> _What is required_: Whatever runs from the line with "授人玫瑰,手有余香!每当收到" to the end of the records below must be copied exactly, with nothing else included.

> _Data supplied_:

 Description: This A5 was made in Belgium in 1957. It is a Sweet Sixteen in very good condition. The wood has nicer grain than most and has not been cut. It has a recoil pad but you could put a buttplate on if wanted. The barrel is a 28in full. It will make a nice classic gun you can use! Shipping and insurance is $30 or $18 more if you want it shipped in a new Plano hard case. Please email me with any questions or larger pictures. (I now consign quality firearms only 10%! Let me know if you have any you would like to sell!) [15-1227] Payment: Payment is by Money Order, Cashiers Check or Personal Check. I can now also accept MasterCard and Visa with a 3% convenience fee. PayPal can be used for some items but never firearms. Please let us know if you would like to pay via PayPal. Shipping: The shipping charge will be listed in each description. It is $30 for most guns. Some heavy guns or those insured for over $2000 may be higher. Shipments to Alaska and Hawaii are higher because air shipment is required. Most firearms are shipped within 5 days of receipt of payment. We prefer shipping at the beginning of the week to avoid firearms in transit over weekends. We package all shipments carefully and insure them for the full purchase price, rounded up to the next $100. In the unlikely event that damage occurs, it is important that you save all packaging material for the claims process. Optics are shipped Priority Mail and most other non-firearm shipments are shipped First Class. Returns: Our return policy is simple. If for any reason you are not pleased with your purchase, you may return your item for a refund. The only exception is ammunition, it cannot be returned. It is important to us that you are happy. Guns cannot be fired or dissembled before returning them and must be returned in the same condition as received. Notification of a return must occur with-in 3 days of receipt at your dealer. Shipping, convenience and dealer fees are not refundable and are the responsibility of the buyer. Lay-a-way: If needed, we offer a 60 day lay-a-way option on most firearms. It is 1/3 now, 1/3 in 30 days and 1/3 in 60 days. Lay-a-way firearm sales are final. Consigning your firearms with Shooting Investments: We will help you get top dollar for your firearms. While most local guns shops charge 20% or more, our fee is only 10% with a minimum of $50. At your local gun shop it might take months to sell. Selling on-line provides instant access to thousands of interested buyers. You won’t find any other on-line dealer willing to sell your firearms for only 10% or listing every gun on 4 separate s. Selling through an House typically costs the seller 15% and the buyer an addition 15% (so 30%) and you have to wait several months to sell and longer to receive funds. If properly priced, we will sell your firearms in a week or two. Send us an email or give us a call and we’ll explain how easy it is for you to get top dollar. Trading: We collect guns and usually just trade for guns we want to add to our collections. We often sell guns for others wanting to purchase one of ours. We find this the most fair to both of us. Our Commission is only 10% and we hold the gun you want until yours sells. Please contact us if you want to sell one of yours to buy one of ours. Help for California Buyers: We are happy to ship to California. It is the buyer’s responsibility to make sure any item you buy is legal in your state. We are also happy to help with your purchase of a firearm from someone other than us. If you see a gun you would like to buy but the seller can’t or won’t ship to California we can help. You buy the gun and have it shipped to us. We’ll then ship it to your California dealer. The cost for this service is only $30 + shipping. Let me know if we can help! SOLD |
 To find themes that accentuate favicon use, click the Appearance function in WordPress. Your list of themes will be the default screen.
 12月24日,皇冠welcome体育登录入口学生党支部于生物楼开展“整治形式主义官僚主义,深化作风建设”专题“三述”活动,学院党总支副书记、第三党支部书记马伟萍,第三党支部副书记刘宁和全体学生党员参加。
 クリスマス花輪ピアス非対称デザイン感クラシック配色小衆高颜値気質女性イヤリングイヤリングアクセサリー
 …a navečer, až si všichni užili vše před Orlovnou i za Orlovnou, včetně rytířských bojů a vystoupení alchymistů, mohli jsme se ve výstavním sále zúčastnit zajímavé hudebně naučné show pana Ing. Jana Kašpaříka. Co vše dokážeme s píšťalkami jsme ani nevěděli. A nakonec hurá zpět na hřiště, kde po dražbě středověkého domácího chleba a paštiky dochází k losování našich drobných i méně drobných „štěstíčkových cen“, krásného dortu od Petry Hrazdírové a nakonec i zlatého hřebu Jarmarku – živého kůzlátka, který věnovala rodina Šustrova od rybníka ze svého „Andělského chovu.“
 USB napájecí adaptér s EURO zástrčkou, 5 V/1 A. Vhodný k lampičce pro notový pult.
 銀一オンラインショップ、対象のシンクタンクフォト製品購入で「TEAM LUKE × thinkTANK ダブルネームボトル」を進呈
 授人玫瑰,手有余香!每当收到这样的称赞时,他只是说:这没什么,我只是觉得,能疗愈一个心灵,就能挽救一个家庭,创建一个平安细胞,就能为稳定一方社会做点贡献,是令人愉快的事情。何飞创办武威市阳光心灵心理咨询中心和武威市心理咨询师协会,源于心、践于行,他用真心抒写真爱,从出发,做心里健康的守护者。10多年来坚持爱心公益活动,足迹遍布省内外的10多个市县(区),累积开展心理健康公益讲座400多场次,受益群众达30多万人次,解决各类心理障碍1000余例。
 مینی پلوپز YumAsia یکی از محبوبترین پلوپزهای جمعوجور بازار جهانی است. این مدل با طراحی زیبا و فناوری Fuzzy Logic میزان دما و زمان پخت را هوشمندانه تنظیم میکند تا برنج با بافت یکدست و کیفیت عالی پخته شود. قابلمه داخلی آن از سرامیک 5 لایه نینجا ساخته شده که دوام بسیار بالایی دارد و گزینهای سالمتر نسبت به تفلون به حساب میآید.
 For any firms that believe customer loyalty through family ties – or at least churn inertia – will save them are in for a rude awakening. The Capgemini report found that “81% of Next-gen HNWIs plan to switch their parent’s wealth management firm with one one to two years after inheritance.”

> _Answer for the task_:
 授人玫瑰,手有余香!每当收到这样的称赞时,他只是说:这没什么,我只是觉得,能疗愈一个心灵,就能挽救一个家庭,创建一个平安细胞,就能为稳定一方社会做点贡献,是令人愉快的事情。何飞创办武威市阳光心灵心理咨询中心和武威市心理咨询师协会,源于心、践于行,他用真心抒写真爱,从出发,做心里健康的守护者。10多年来坚持爱心公益活动,足迹遍布省内外的10多个市县(区),累积开展心理健康公益讲座400多场次,受益群众达30多万人次,解决各类心理障碍1000余例。
 مینی پلوپز YumAsia یکی از محبوبترین پلوپزهای جمعوجور بازار جهانی است. این مدل با طراحی زیبا و فناوری Fuzzy Logic میزان دما و زمان پخت را هوشمندانه تنظیم میکند تا برنج با بافت یکدست و کیفیت عالی پخته شود. قابلمه داخلی آن از سرامیک 5 لایه نینجا ساخته شده که دوام بسیار بالایی دارد و گزینهای سالمتر نسبت به تفلون به حساب میآید.
 For any firms that believe customer loyalty through family ties – or at least churn inertia – will save them are in for a rude awakening. The Capgemini report found that “81% of Next-gen HNWIs plan to switch their parent’s wealth management firm with one one to two years after inheritance.”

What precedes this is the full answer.